Aim of the exercise: Your copy should hold only the lines from the one with "全紅嬋衝擊年度首金!跳水世界盃第2站賽程,2個男子項目再迎挑戰" to the one with "Хотите придать своей", both included, each exactly as it stands below, with no pictures.

Supplied material:
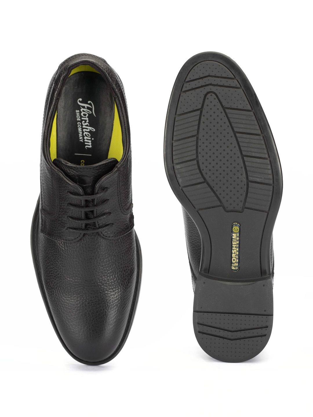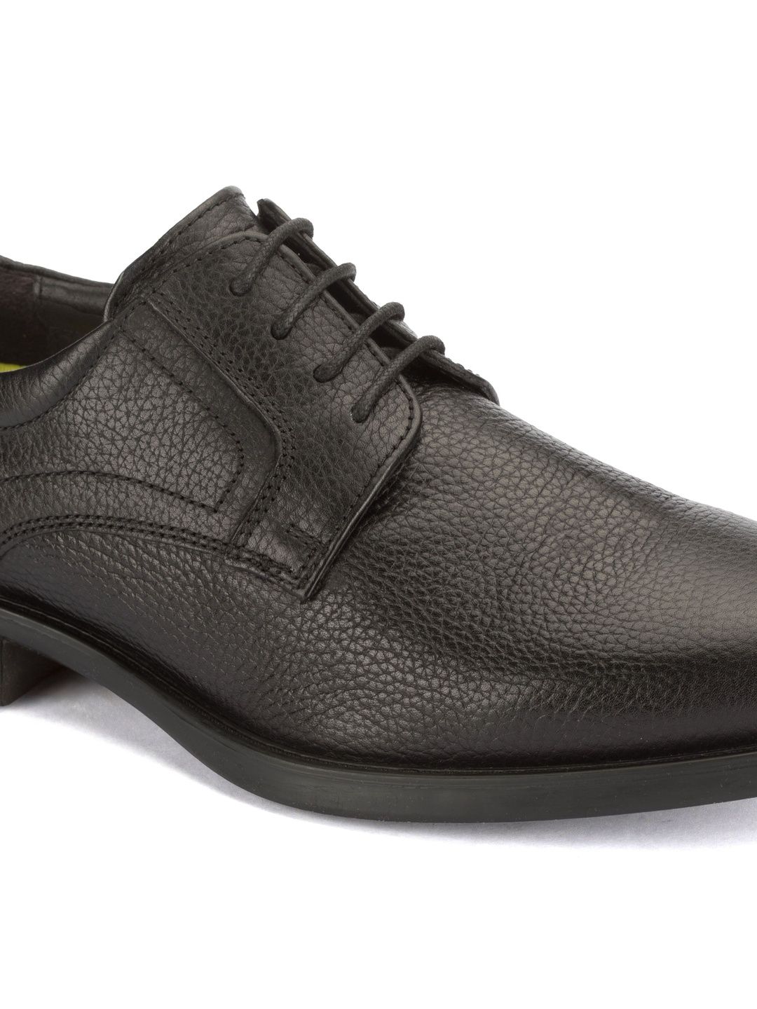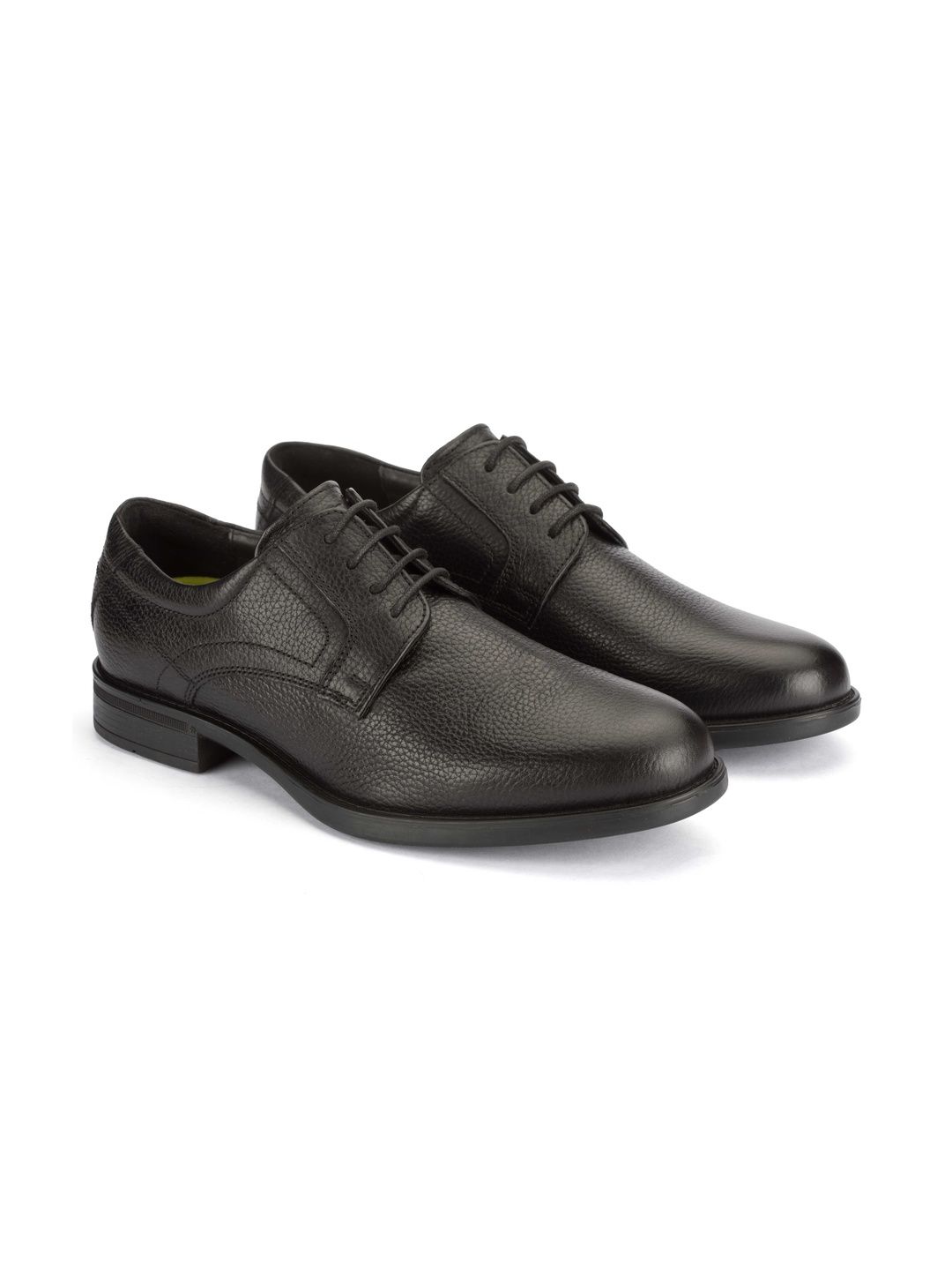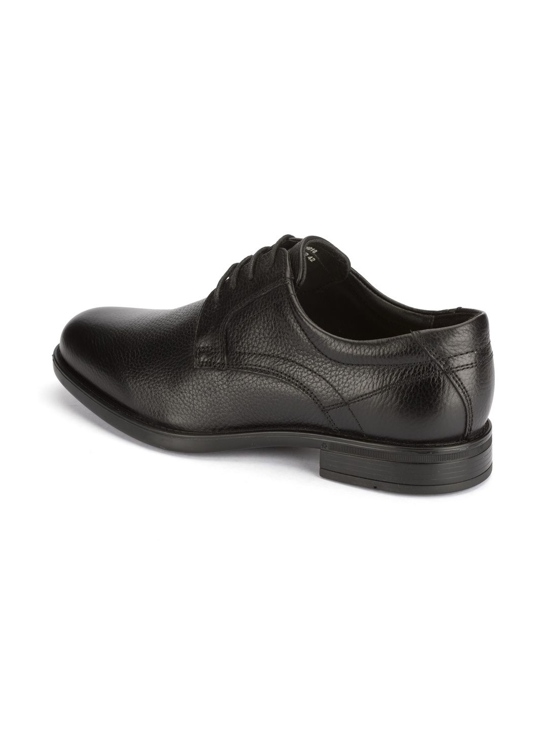 A pair of black solid round-toe formal derbys with regular styling has a lace-up closureLeather upperCushioned footbedTextured and patterned rubber outsoleWarranty: 1 MonthWarranty provided by brand/manufacturer
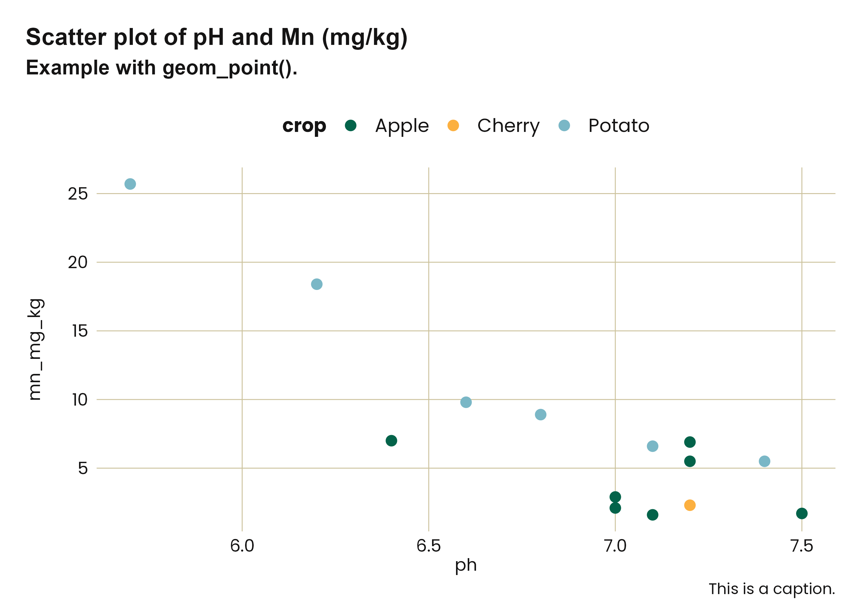 ggplot(aes(x = ph, y = mn_mg_kg, color = crop)) +
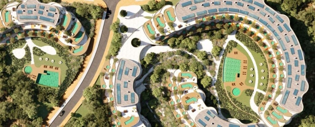 The design of Residencias Sur is inspired by the Hotel Higuerón, since it follows the same avant-garde line and uses sustainable materials such as corten steel, stone and wood. Art is a fundamental pillar of this project. The owners will live surrounded by exclusive gallery type exhibitions with orchard areas. Furthermore, the 4 blocks bear the names of famous contemporary artists such as Leiro, Brinkmann, Darko and Alphil.
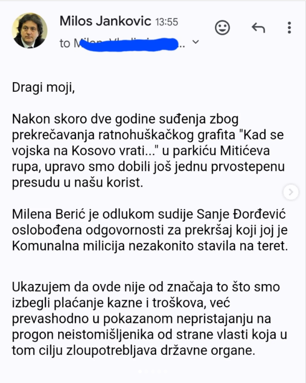 Našem advokatu, Milošu Jankoviću, juče je uručena presuda Prekršajnog apelacionog suda u Beogradu kojom je odbijena žalba Grada Beograda – Komunalne milicije uložena protiv prvostepene presude Prekršajnog suda u Beogradu kojom je naš Milan Adnađ oslobođen odgovornosti zato što je u parkiću u Mitićevoj rupi krečio zid i time navodno narušavao njegov izgled. Time je presuda da Milan po tom osnovu nije kriv postala pravosnažna.
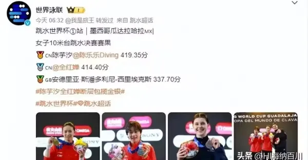 全紅嬋衝擊年度首金!跳水世界盃第2站賽程,2個男子項目再迎挑戰
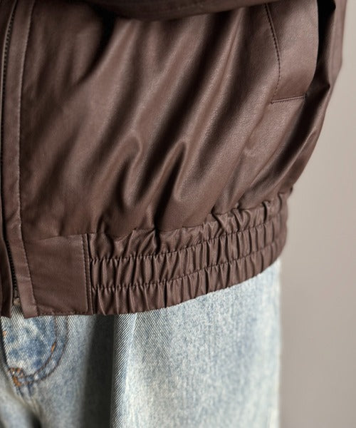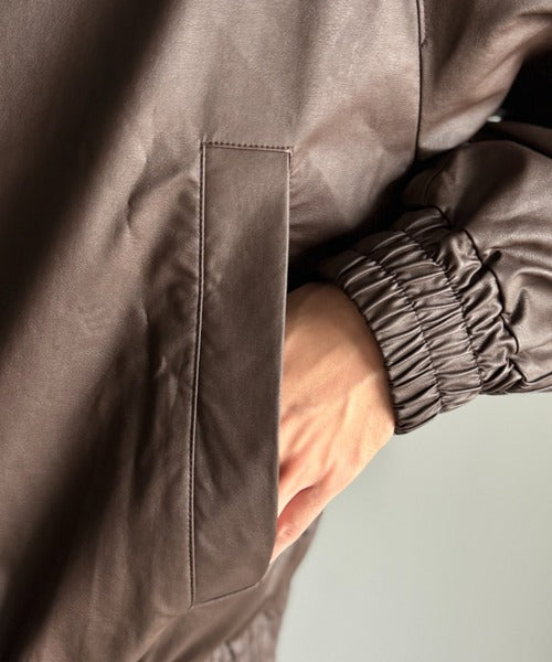 柔らかなフェイクレザーを採用し、軽快で着回しやすい一着。
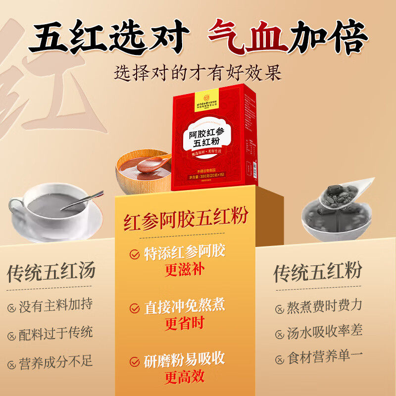 五红粉阿胶红参红枣枸杞五红汤即食营养代餐粉补气养血冲饮补血
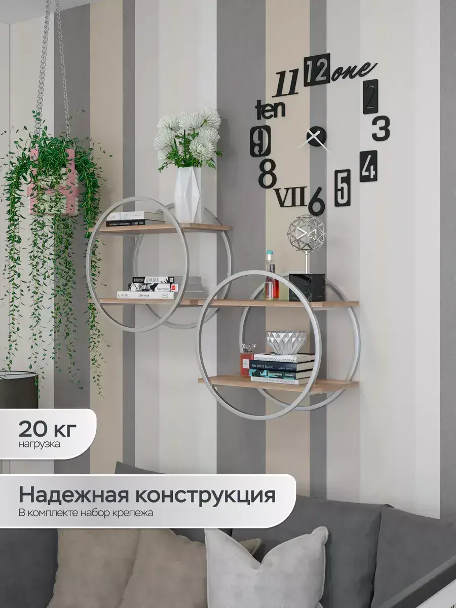 Хотите придать своей гостиной комнате или кухне стильный вид? Обратите внимание на нашу новую круглую настенную полку! Эта полка не только украсит ваш интерьер, но и поможет организовать хранение различных предметов. Она идеально впишется в любой дизайн благодаря разнообразию расцветок. Полка выполнена из ЛДСП, что обеспечивает её прочность и долговечность. Она проста в уходе, поэтому поддерживать порядок в вашем доме будет легко. Кроме того, надёжное крепление к стене гарантирует безопасность использования. Обратите внимание, что полка не предназначена для использования во влажных помещениях. Попадание воды и жидкостей на поверхность полки может привести к её разбуханию и разрушению. Поэтому рекомендуется избегать контакта с влагой. Не упустите возможность добавить яркий акцент в ваш дом с помощью нашей круглой настенной полки! Создайте уют и комфорт с современной мебелью для гостиной и спальной комнаты.
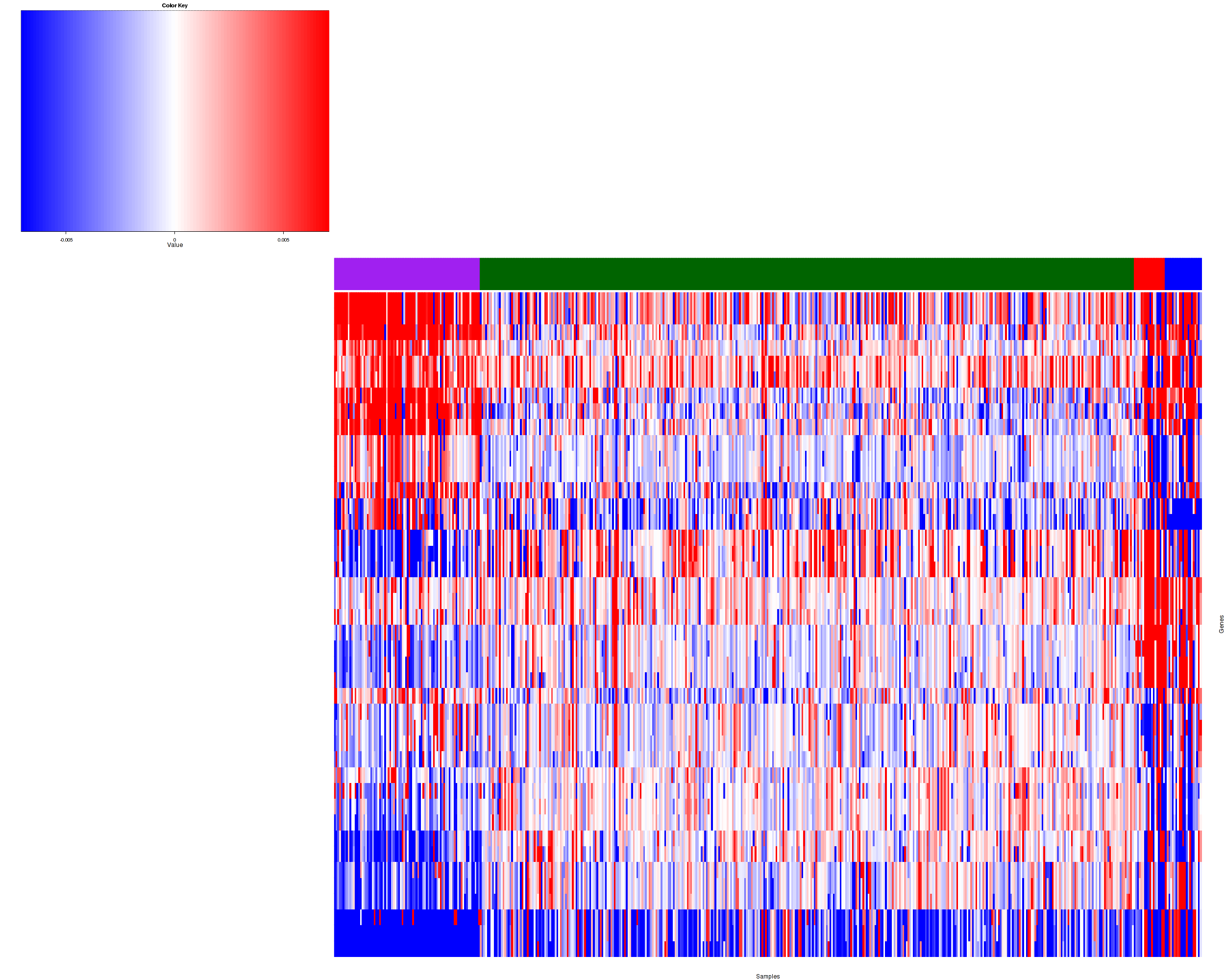 Figure 1. Get High-res Image Samples were separated into 4 clusters. Shown are 499 samples and 73 marker focal events. The color bar of the row indicates the marker focal events for the corresponding cluster.

Written solution:
 全紅嬋衝擊年度首金!跳水世界盃第2站賽程,2個男子項目再迎挑戰
 柔らかなフェイクレザーを採用し、軽快で着回しやすい一着。
 五红粉阿胶红参红枣枸杞五红汤即食营养代餐粉补气养血冲饮补血
 Хотите придать своей гостиной комнате или кухне стильный вид? Обратите внимание на нашу новую круглую настенную полку! Эта полка не только украсит ваш интерьер, но и поможет организовать хранение различных предметов. Она идеально впишется в любой дизайн благодаря разнообразию расцветок. Полка выполнена из ЛДСП, что обеспечивает её прочность и долговечность. Она проста в уходе, поэтому поддерживать порядок в вашем доме будет легко. Кроме того, надёжное крепление к стене гарантирует безопасность использования. Обратите внимание, что полка не предназначена для использования во влажных помещениях. Попадание воды и жидкостей на поверхность полки может привести к её разбуханию и разрушению. Поэтому рекомендуется избегать контакта с влагой. Не упустите возможность добавить яркий акцент в ваш дом с помощью нашей круглой настенной полки! Создайте уют и комфорт с современной мебелью для гостиной и спальной комнаты.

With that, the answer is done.